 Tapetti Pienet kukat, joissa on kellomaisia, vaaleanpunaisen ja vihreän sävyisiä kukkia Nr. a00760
:::::
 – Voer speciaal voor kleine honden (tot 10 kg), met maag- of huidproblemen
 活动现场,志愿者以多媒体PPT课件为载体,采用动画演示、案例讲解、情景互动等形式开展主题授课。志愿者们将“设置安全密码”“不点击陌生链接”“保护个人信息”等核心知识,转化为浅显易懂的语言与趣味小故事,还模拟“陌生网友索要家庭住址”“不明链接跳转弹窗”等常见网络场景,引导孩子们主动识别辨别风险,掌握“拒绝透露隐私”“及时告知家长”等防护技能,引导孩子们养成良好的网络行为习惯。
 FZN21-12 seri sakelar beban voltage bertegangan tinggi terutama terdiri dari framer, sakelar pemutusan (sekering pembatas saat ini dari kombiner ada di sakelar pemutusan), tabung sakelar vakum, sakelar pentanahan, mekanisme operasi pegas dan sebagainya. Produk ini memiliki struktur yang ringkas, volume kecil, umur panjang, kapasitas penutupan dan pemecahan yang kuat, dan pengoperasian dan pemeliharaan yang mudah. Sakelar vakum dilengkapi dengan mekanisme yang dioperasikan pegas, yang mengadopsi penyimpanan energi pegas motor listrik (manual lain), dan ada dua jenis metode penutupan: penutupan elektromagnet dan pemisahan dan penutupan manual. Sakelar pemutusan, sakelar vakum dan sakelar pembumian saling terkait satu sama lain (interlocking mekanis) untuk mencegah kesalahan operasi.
:::::
→ **REQUIREMENT**
Retype exactly, and only, the lines above from the one where "maag- of huidproblemen" occurs up to and including the one where "活动现场,志愿者以多媒体PP" occurs.

→ **RESPONSE TO THIS TASK**
 – Voer speciaal voor kleine honden (tot 10 kg), met maag- of huidproblemen
 活动现场,志愿者以多媒体PPT课件为载体,采用动画演示、案例讲解、情景互动等形式开展主题授课。志愿者们将“设置安全密码”“不点击陌生链接”“保护个人信息”等核心知识,转化为浅显易懂的语言与趣味小故事,还模拟“陌生网友索要家庭住址”“不明链接跳转弹窗”等常见网络场景,引导孩子们主动识别辨别风险,掌握“拒绝透露隐私”“及时告知家长”等防护技能,引导孩子们养成良好的网络行为习惯。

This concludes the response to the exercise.